Government structure
- Branches: Three (executive, legislative and judiciary)
- Chambers: Two (Senate and National Assembly)
- Executive: President-led Council of Ministers responsible to the National Assembly; Prime minister as head of government
- Judiciary: High Court is established for presidential Impeachment purposes; an extra-judicial body, the Constitutional Council, reviews the constitutionality of laws; no other part of the court system is referenced.
- Federalism: Unitary
- Electoral college: No, but senate elections mandated to be indirect
- Last amended: 2024
- Supersedes: French Constitution of 1946

Full text
- Constitution of the Fifth French Republic at Wikisource

Wikisource
- Constitution of the Fifth French Republic (unamended);

= Constitution of France =

The current Constitution of France was adopted on 4 October 1958. It is typically called the Constitution of the Fifth Republic (French: la Constitution de la Cinquième République), and it replaced the Constitution of the Fourth Republic of 1946, keeping its preamble. The current Constitution regards the separation of church and state, democracy, social welfare, and indivisibility as core principles of the French state.

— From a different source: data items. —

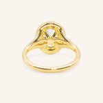 The Emiko Engagement Ring features a stunning oval center stone encircled by a shimmering halo, enhancing its brilliance and presence. A refined split shank band adds graceful structure while drawing the eye toward the centerpiece. Timeless with a modern twist, this design is perfect for those who appreciate a touch of glamour in their everyday elegance.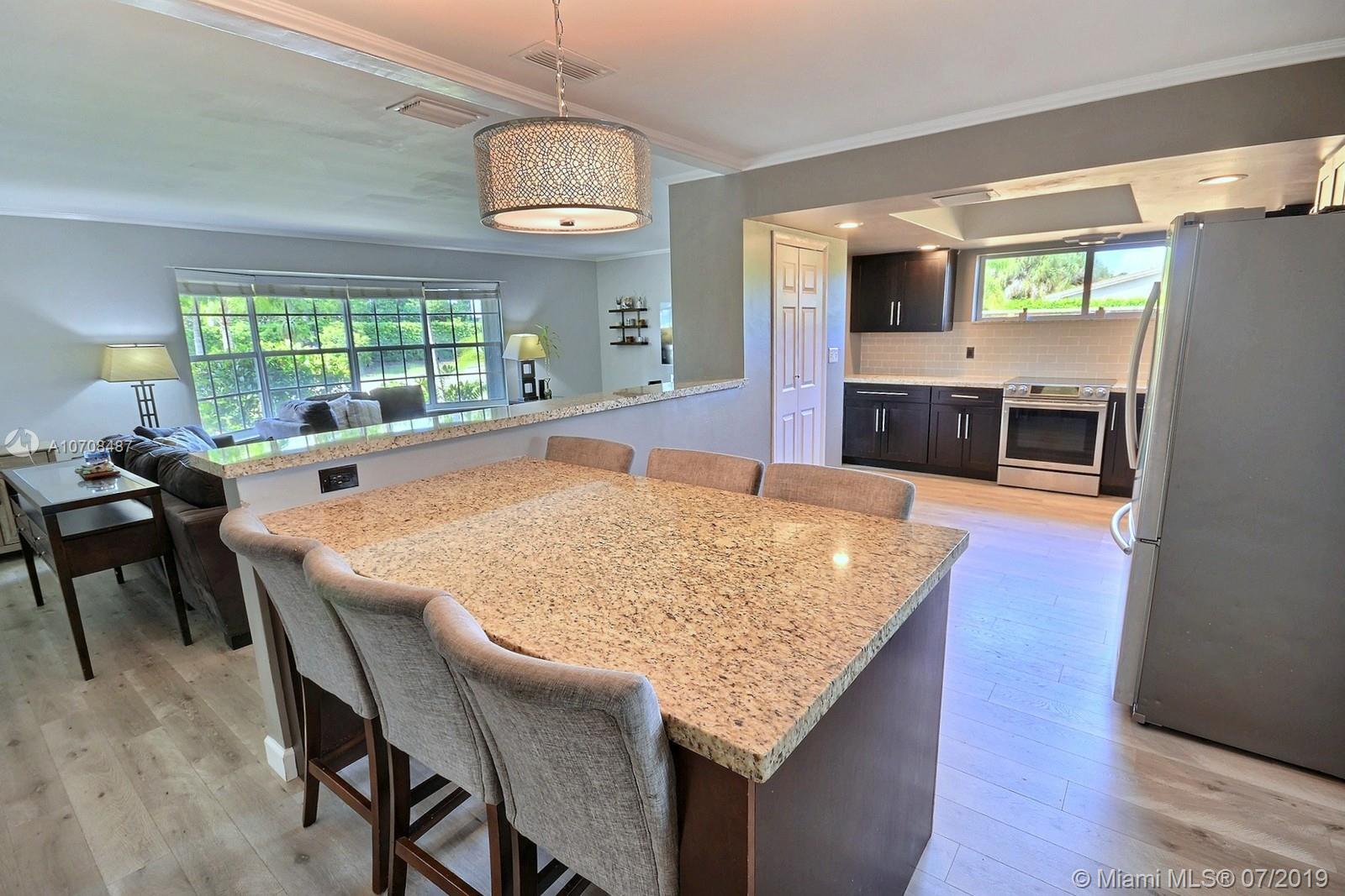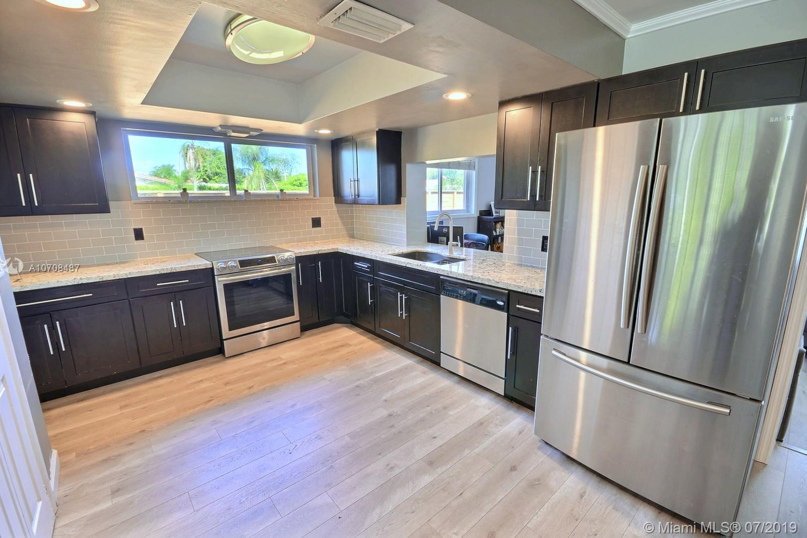 BEAUTIFUL CORNER LOT HOME IN HOLLYWOOD HILLS WITH OPEN FLOOR PLAN, REMODELED KITCHEN, STAINLESS APPLIANCES, GRANITE TOPS, BUILT EAT-IN COUNTER, GORGEOUS FLOORS, LOTS OF NATURAL LIGHT, ELEGANT FIXTURES, LAUNDRY ROOM, ACCORDION HURRICANE SHUTTERS. LARGE BACKYARD WITH ROOM FOR A POOL, NEW HORIZONTAL WOOD FENCE, LONG DRIVEWAY AND ONE CAR GARAGE. NICE CURB APPEAL, HOME FRESHLY PAINTED, CIRCULAR DRIVEWAY, NO HOA.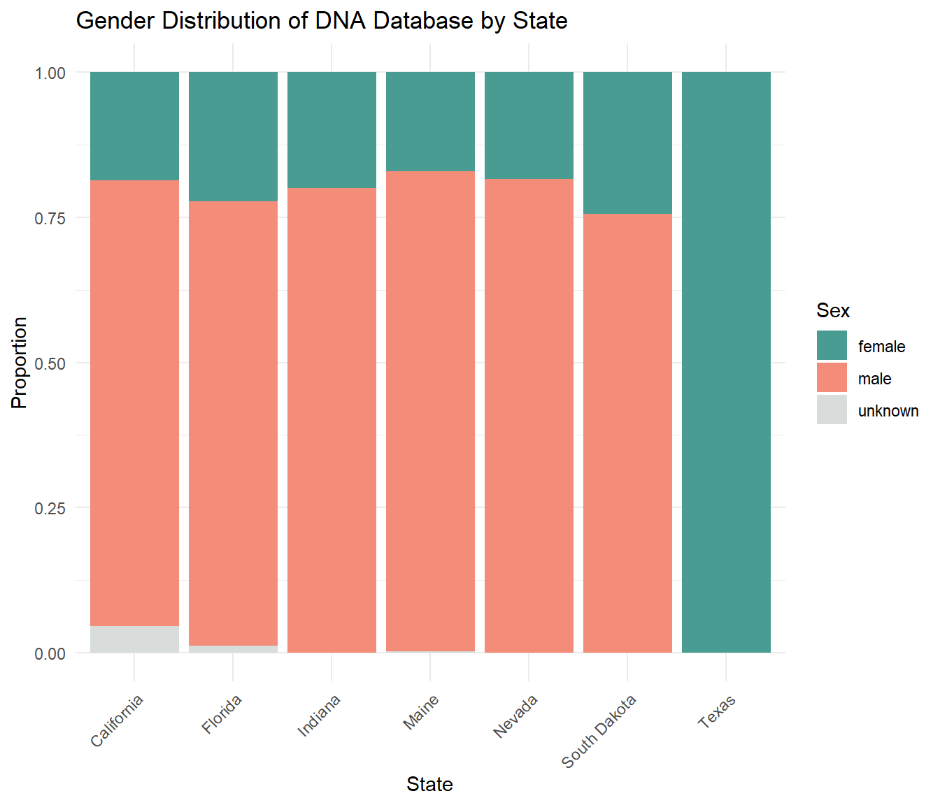 The following bar chart shows the gender breakdown of the state DNA databases.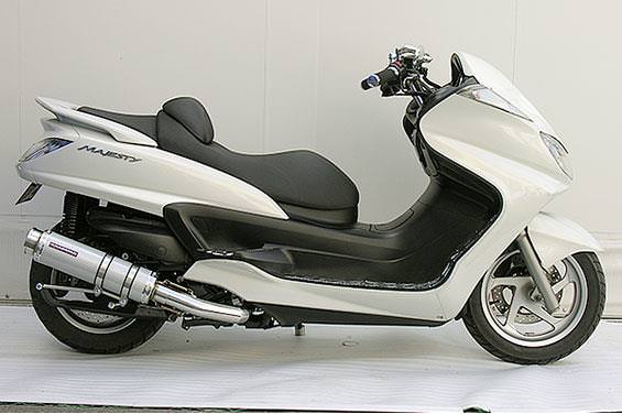 ■受注生産商品となっており、商品手配後 2週間程度入荷にお時間を頂きます。■大柄なビッグスクーターの車体にマッチするよう、極太のエキパイ60mm径、サイレンサー110mm径という仕様で、バランスのとれた仕上がりなっています。ホワイトカーボンタイプはステンレスサイレンサーにカーボンシートを巻いた仕様で、耐久性が抜群に高い構造を採用しています。排気口はステンレス削りだし部材を採用し無骨で迫力のある「BSタイプ」です。サイレンサーバンドにはスリットタイプを採用してデザインにもこだわっています。サイレンサーの固定にはサイレンサーバンドを採用し、バフ仕上げを施したステンレス製丸棒で組んだステーを介して固定しておりますので、従来のステーの固定より車体と調和した高級感あふれるマフラーです。オールステンレス製で、エキパイからサイレンサーまでバフ仕上げを施しています。低中速を落とすことなく高回転でスムーズに回り扱いやすい設定になっています。振動防止のためサイレンサーとエキパイが2分割となる安心設計になっています。サイレンサーは、3点止めになっていますのでしっかりと固定でき、耐久性にも優れています。無加工ボルトオンにて装着できますので、必要な工具があれば簡単に取り付けできます。(取り付けに必要なボルト類は全て付属しております。)サイレンサーはストレート構造ではなくフロント部にパンチングを施した作りになっていますので、音量は静かめに抑えられており近所迷惑になる事無く安心して走行できます。ローダウンにも対応しておりますので、安心してご使用下さい。
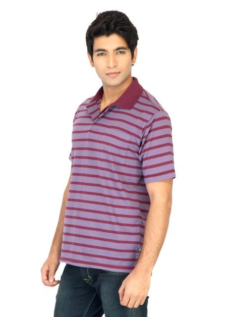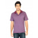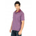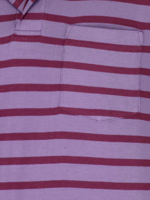 Purple polo neck T-shirt with plum red stripes, made of 100% cotton, has plum red ribbed collar, short sleeves, concealed button placket, patch pocket on the upper left chest and a vented hem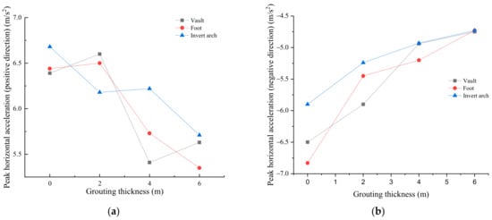 Effect of grouting thickness on horizontal acceleration in (a) positive and (b) negative directions.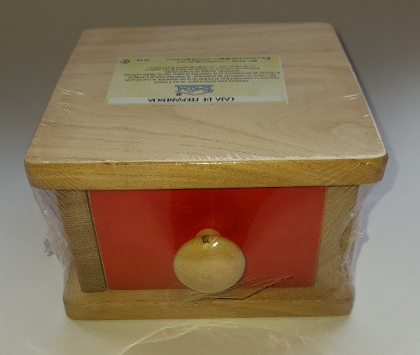 La caja trae un cajón y un cilindro de madera de palo blanco.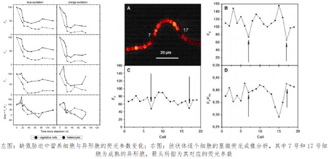 Anabaena sp. strain PCC 7120異形胞進(jìn)行更深入研究。研究人員明確觀測到隨著氮素缺乏脅迫程度的加重,絲狀體細(xì)胞開始分化,營養(yǎng)細(xì)胞和異形胞的葉綠素參數(shù)F
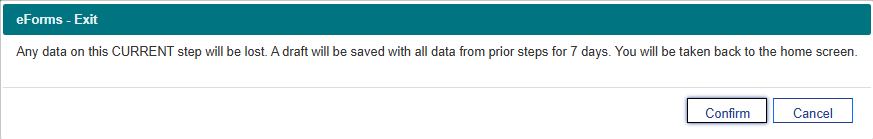 You can save a draft or exit at any point while filling out the eForm. When you select Exit, the message window below displays on the screen. If you select "Confirm," you are acknowledging that the progress on the current step you are on will be lost and a draft with all previously completed information will be saved.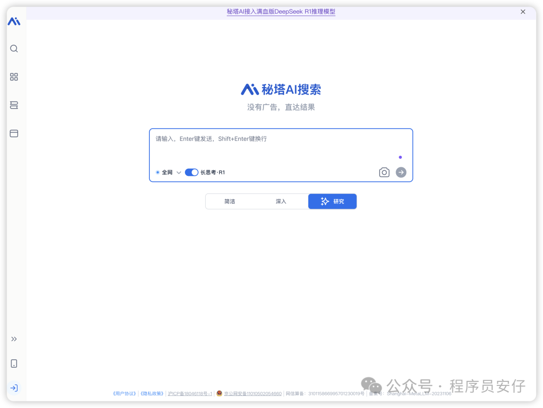 纳米 AI 搜索是一个国内的 AI 搜索引擎,它也支持 DeepSeek R1 模型。

Charles de Gaulle was the main driving force in introducing the new constitution and inaugurating the Fifth Republic, while the text was drafted by Michel Debré. The constitution was adopted by referendum on 28 September 1958. Since then, the constitution has been amended twenty-five times, notably in 2008 and most recently in 2024.

== Provisions ==
=== Preamble ===
The preamble of the Constitution recalls both the Declaration of the Rights of Man and of the Citizen of 1789, as well as the preamble of the Constitution of the Fourth Republic of 1946, which created at the time new constitutional rights for French citizens, including social and economic rights.

The preamble of the Constitution also establishes France as a secular and democratic country, deriving its sovereignty from the people.

Since a constitutional revision in 2005, the preamble includes the ten articles of the Charter for the Environment.

=== Government institutions and practices ===
The French Constitution established a semi-presidential system of government, with two competing readings. In one reading, the executive branch has both a president of the republic and a prime minister, as is commonly seen in parliamentary systems with a symbolic president and a prime minister who directs the government. This reading is supported by Articles 5 and 21 of the Constitution, which respectively state that the president is a guardian of the state and of the Constitution, while the prime minister has the power to decide on the government's actions and policies.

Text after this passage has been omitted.